Por outro lado, de um ponto de vista geral, são a bem-aventuranças, as quais, na narração de Lucas, vêm acompanhadas das maldições (Lc 6,20-26), juntamente com as parábolas do Bom Samaritano (Lc 10,25-37) e do Bom Pastor (Jo 10,21), que pavimentam o alicerce da TdM. Entretanto, percorrendo detalhadamente as páginas dos relatos evangélicos, vemos a misericórdia traduzir-se em inúmeros gestos e palavras de Jesus dirigidos a pessoas bem concretas: a cura dos leprosos e dos cegos, do paralítico e da encurvada; a atenção à mulher que sofria de fluxo de sangue e a outra que havia perdido o filho; o perdão a Pedro, Madalena e aos que o crucificavam; a compaixão diante das multidões famintas, ou “cansadas e abatidas”...

A misericórdia adquire um rosto familiar, tanto de parte de quem a oferece quanto de parte de quem se beneficia. O olhar de Jesus reflete a face oculta do Pai, ou melhor, revela o mistério amoroso de Deus.
O problema está em que, não raro, ao se cruzarem, a TdL e a TdM se chocam, se opõem e se desencontram.

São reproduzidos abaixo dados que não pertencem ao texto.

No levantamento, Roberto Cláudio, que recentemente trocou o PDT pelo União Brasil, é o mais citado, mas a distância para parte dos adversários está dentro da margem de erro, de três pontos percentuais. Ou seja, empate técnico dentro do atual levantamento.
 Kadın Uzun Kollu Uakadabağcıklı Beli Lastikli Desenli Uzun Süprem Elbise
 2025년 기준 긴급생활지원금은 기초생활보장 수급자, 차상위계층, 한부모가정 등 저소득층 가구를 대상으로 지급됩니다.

Enquanto uma tem como horizonte privilegiado a cruz social e política, através da opção preferencial pelos pobres, por exemplo, a outra concentra sua atitude sobre a cruz pessoal, tentando sanar as feridas que indivíduos e famílias acumulam nos embates diários. Não poucas vezes, implícita ou explicitamente, nas atividades da solicitude pastoral, uma excluía a outra. Em tal caso as duas, seja na análise que na ação, acabam por caminhar em vias paralelas. A própria realidade, porém, desmente essa visão dualista e esquisofrênica. Os fatos encarregam-se de mostrar que a cruz social e política agrava o peso das cruzes individuais ou familiares. E inversamente, a soma ou multiplicação das cruzes individuais e familiares conferem maior gravidade e maior visibilidade à cruz social e política. Em outras palavras, ambas as dimensões – social/política ou pessoal/familiar – se entrelaçam e se complementam reciprocamente. Cabe portanto a pergunta: onde está a sabedoria? O velho Aristóteles dizia que “a virtude está no meio”.

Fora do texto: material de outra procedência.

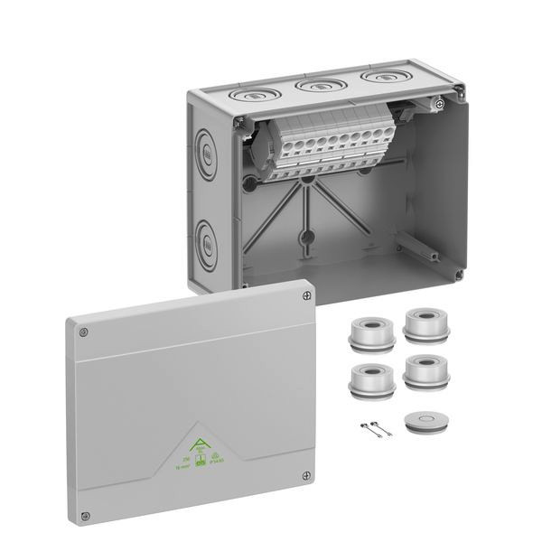 Abzweigkasten, mit Schutzart IP55/IP66, Nennquerschnitt 16mm², Ui=690 V AC, zertifiziert durch VDE (DIN EN 60670-1/-22 (VDE 0606-1/-22)), DLG (Ammoniakbeständigkeit), Ausschlagmembranen, M20/M25/M32/M40/M50, (4 rückseitig, 10 seitlich), innenliegende Befestigungsstellen, mit schraubenlosen Klemmen, für Standardinstallationen im Innenbereich und geschütztem Außenbereich, grau, In=76 A, mit hochliegender, schraubenloser Klemme Wago 2016-1201, 5-polig, max. Nennquerschnitt nach DIN EN 60998:16mm², klemmbare Querschnitte pro Pol: 4 x 0,5 bis 16mm², starr Cu, 4 x 0,5 bis 25mm² flexibel Cu
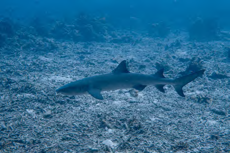 When photographing larger marine animals such as dolphins, turtles, and these whitetip reef sharks, it is often beneficial to compose your shots with the subject(s) surrounded by properly exposed blue or green water instead of against a background of the reef.
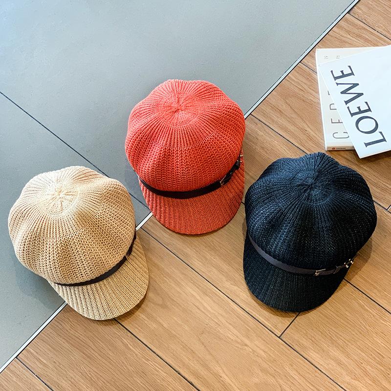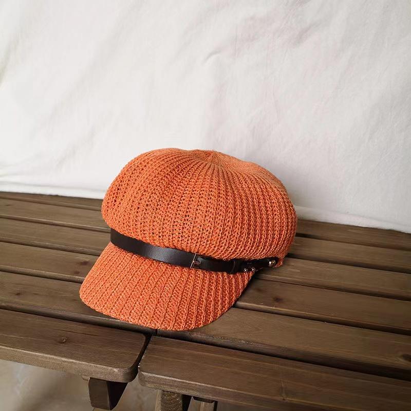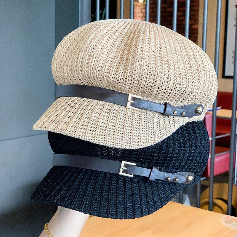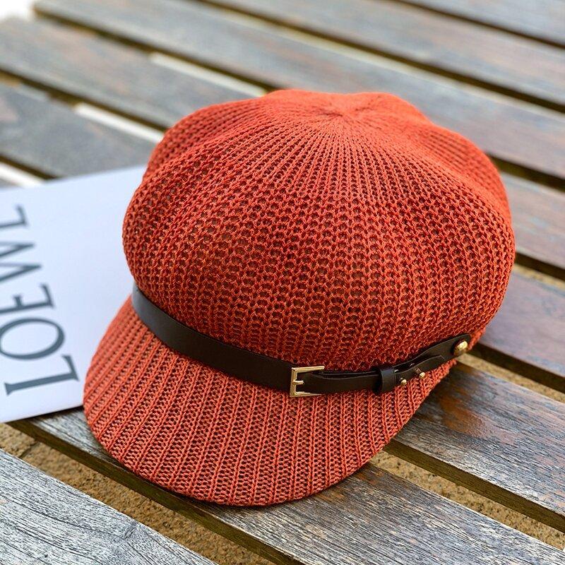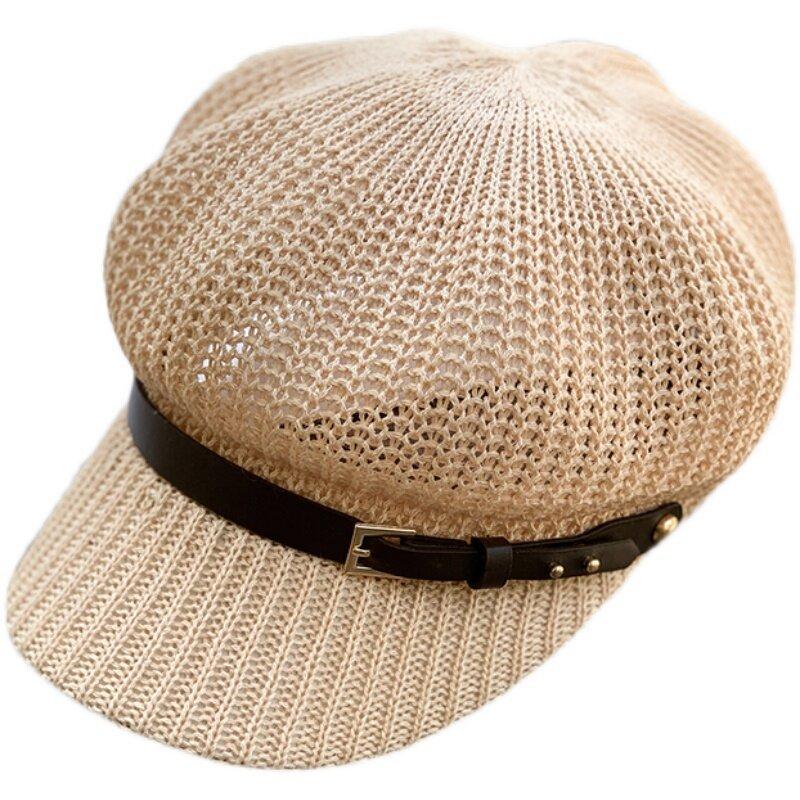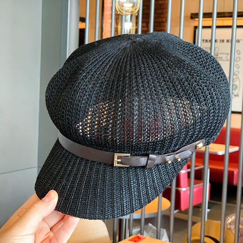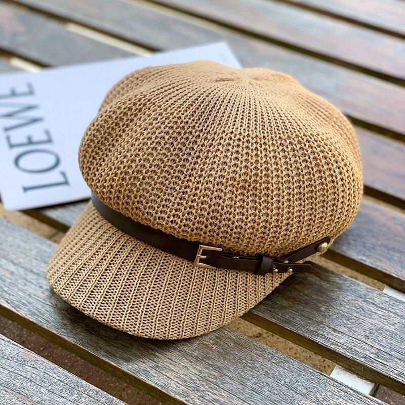 Sombrero de Mujer Estilo Japonés Marca de Moda de Internet Cinturón Gorra Octogonal Combinable Verano Lino Transpirable Hueco Boina Sombrero para el Sol

Não se trata de buscar, de forma artificial e mecânica, um meio termo que satisfaça a todos. Ao contrário, trata-se de ler as cruzes pessoais e familiares no contexto mais amplo e histórico da cruz social e política. De outro lado, ao analisar esta última, não podemos deixar de lado rostos, nomes e pessoas com trajetórias próprias, únicas e irrepetíveis. Uma solicitude pastoral integral e de conjunto deve estar preparada não só para compreender a complexidade dinâmica de ambos os aspectos, mas sobretudo para agir de forma coerente e consequente, mirando ao mesmo tempo as feridas particulares, de um lado, e as injustiças, assimetrias e desigualdades sociais, de outro. A caridade evangélica não pode excluir nem umas nem outras. Exemplo concreto dessa sinergia temos na trajetória pessoal, ministerial e missionária do Papa Francisco.

*Alfredo J. Gonçalves, cs, é Superior dos Carlistas, Roma, Itália.